Więc została zabrana do lekarza. Poszła tam z matką do pokoju wyłożonego dębową boazerią, gdzie siedziała na krześle na drugim końcu sali, gdzie siedziała z rękami pod stopami przez dwadzieścia minut, podczas gdy lekarz opowiadał o jej problemach w szkole. Wtrącała się do wszystkich, oddawała pracę domową w niewłaściwym czasie - w wieku ośmiu lat. W końcu lekarz usiadł obok Gillian i powiedział jej, że po wysłuchaniu jej matki o wszystkich problemach, powinien porozmawiać z nią jeden na jednego. Poprosił Gillian, żeby trochę poczekała i wyszedł z pokoju z matką.

Przed wyjściem włączył radio na stole. Gdy tylko dorośli wyszli, lekarz poprosił matkę Gillian, aby przyjrzała się temu, co robi jej córka. Natychmiast zerwała się na równe nogi i ruszyła w rytm muzyki. Patrzyli na to przez kilka minut, po czym lekarz odwrócił się i powiedział: „Pani Lin, Gillian nie jest chora. Ona jest tancerką. Wyślij ją do szkoły choreograficznej”.

Zapytałem, co stało się później. Powiedziała: „Mama postąpiła zgodnie z jego radą i było cudownie. Weszliśmy do pokoju, w którym byli ludzie tacy jak ja - nikt nie mógł usiedzieć spokojnie. Ludzi, którzy musieli się ruszać, żeby myśleć”.
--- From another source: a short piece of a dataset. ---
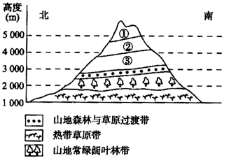 本题解析:本题考查自然带分异。从赤道向高纬,随着纬度的增加山麓地带的热量也逐渐减少;故针叶林带在山地分布的海拔高度也会逐渐降低。
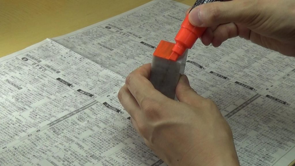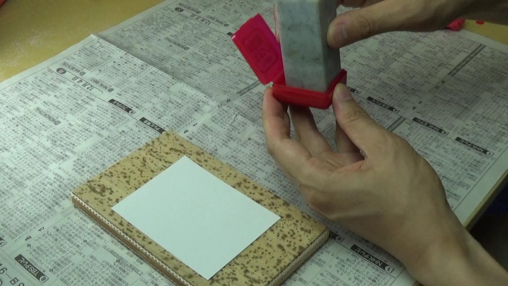印泥に印面を押し付けず、『ポンポンピタピタ』を何回か繰り返してやさしくつけます。捺す前に印面を目視確認しましょう。

Uczyli się baletu, stepu, jazzu, zajmowali się tańcem nowoczesnym i współczesnym. Z biegiem czasu została przyjęta do Royal Ballet School, została solistką, zrobiła błyskotliwą karierę w Royal Ballet. W końcu ukończyła Royal Ballet School, założyła Gillian Lean Dance Company i poznała Andrew Lloyda Webera.

Gillian stworzył jedne z najsłynniejszych muzycznych produkcji w historii, przyniósł radość milionom i stał się multimilionerem. Ale inny lekarz mógłby przepisać jej tabletki i uspokoić.

Gillian Lin na Laurence Olivier Awards, Londyn, 28 kwietnia 2013
Gillian Lin na Laurence Olivier Awards, Londyn, 28 kwietnia 2013

Gillian Lin na Laurence Olivier Awards, Londyn, 28 kwietnia 2013.

Myślę, że wszystko sprowadza się do jednego. Al Gore niedawno wygłosił wykład na temat ekologii i rewolucji, który został zainicjowany przez Rachel Carson. Wierzę, że naszą jedyną nadzieją na przyszłość jest przyjęcie nowej koncepcji ludzkiej ekologii, takiej, w której zaczniemy ponownie przemyśleć bogactwo ludzkich możliwości.

Nasz system edukacyjny opróżnił nasze umysły, kiedy opróżniamy trzewia ziemi w dążeniu do określonych celów. Ale nie możemy dalej korzystać z takiego systemu. Musimy przemyśleć podstawowe zasady nauczania naszych dzieci.

Jonas Salk powiedział kiedyś: „Jeśli wszystkie owady znikną z powierzchni Ziemi, za 50 lat planeta straci życie. Jeśli wszyscy ludzie znikną z powierzchni Ziemi, za 50 lat wszystkie formy życia rozkwitną”. I on ma rację.

TED to hołd dla ludzkiej wyobraźni. Musimy starać się mądrze wykorzystać ten dar, aby uniknąć rozwoju omawianych wydarzeń. Jedynym wyjściem dla nas jest docenienie różnorodności naszej kreatywności i docenienie naszych dzieci, ponieważ są one naszą nadzieją. Musimy ich uczyć całościowo, aby radziły sobie z przyszłością, której, jak zauważam, możemy nie znaleźć, ale na pewno ją odnajdą. Musimy pomóc im to ukształtować.